External results can be verified by partners, so external economic weakness makes internal strength less credible, even when discrepancies are not conclusive. There are also purely domestic questions. The government says construction stood out positively in July-September. This would seem very good for jobs, but job results were mediocre. Growth hasn’t made state enterprises attractive—returns from divesting shares are far short of government targets.

The single biggest issue might not be data quality but policy quality. Official figures say government spending was a major contributor to GDP. That’s believable because spending is soaring. So much so that, despite solid tax revenue, India’s annual fiscal deficit remains on course for 5.9 percent of GDP.

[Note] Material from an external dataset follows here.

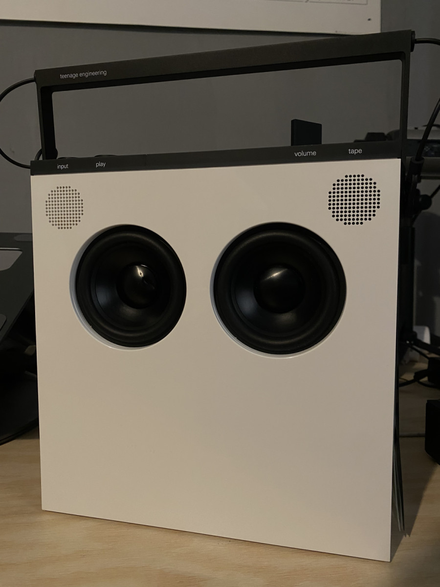 Vendo mi Teenage Engineering OB-4 en increible estado. Usado menos de 6 meses, aun en garantia durante 3 años. Todos sus cables y caja de fabrica. Tiene un pequeño desperfecto en un woofer (ocurrio que un objeto se apoyo levemente) pero junto con el soporte de Teenage Engineering llegamos a la conclusion de que es MERAMENTE ESTETICO (Ultima foto. No afecta EN LO ABSOLUTO al audio) y que la reparación con ellos cuesta 95€ (precio que descuento ya y que incluye el envío y vuelta hacia su warehouse). De resto está completamente impoluto.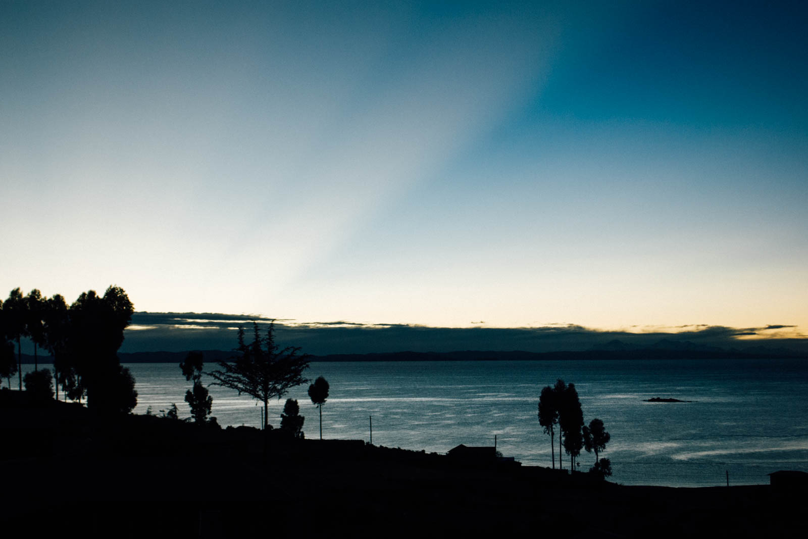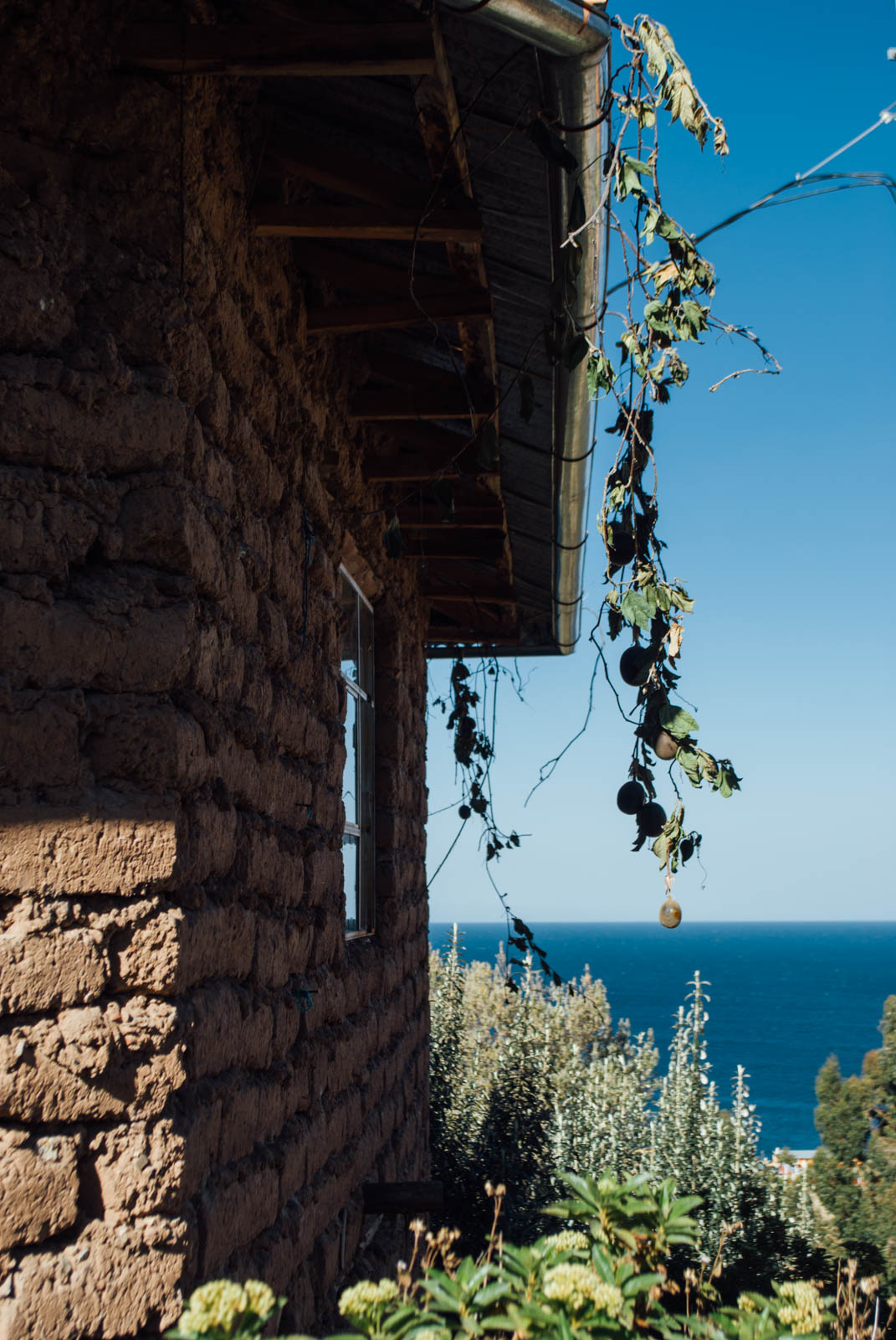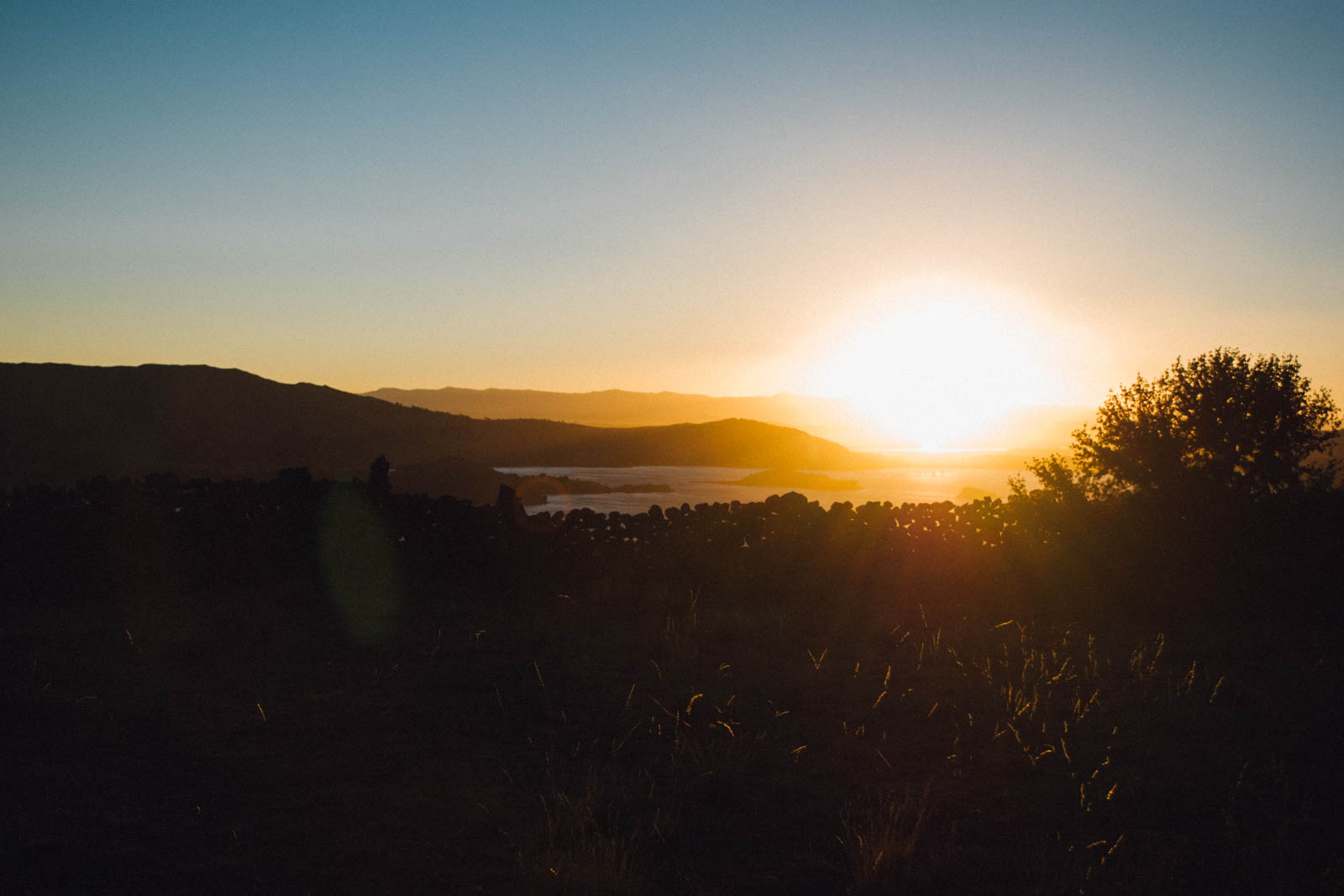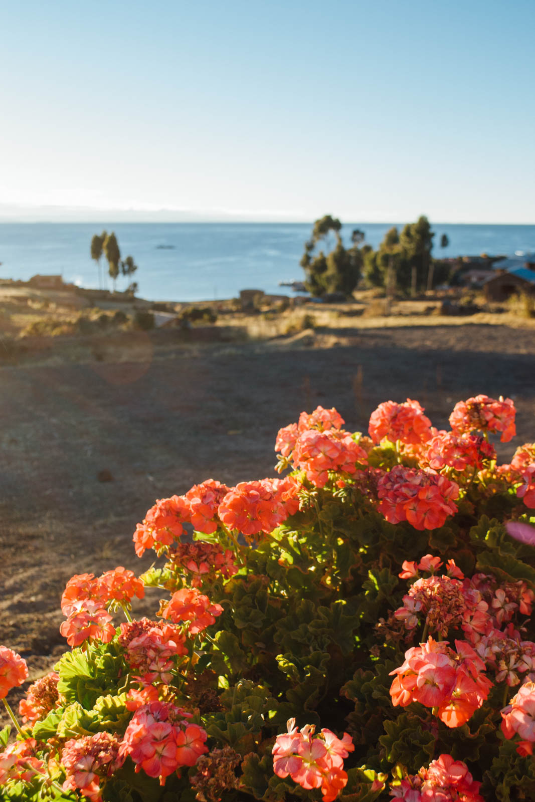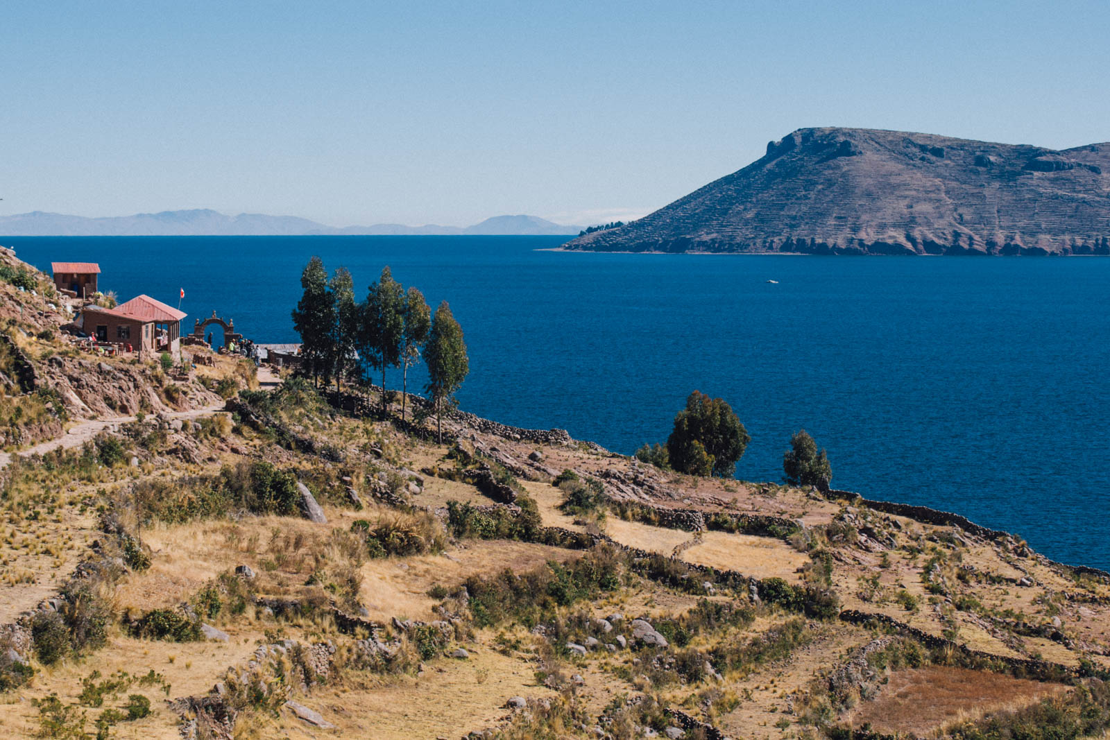 Peu après notre (très bon) guide nous a fait monter en haut du village et nous a parlé un peu des coutumes locales. Il nous a déballé quelques produits cultivés sur l'île, des pommes de terre, de l'oca du Pérou, de la quinoa etc. Puis il a convié ceux que ça intéressait à une partie de foot avec quelques enfants du village. Et après que tout ce monde ait donné jusqu'à son dernier souffle dans cette activité… il les a fait monter jusqu'aux plus hautes parties de l'île battues par un vent de tous les diables, afin d'admirer le coucher du soleil depuis un des deux temples en ruines présents, celui du Pachatata et celui du Pachamama — ce dernier étant moins venteux il fut l'heureux élu.

This is roughly equivalent to the huge, widely-criticized 2023 US federal deficit. Both countries are borrowing large sums while insisting they have no economic need to. But this mistake is considerably worse in India, which is far poorer and needs to sustain rapid growth for at least a generation. Borrowing heavily now undermines sustainability.

India’s full set of economic results is odd, casting some doubt on the upside GDP surprise. The alternative view is a little better: GDP is genuinely quick, but household purchasing power is sluggish, job gains are limited, external accounts are plain bad, and aggregate growth isn’t sustainable. Delhi is announcing the fast growth it wants, but growth is a means to various ends and the ends may not be getting closer.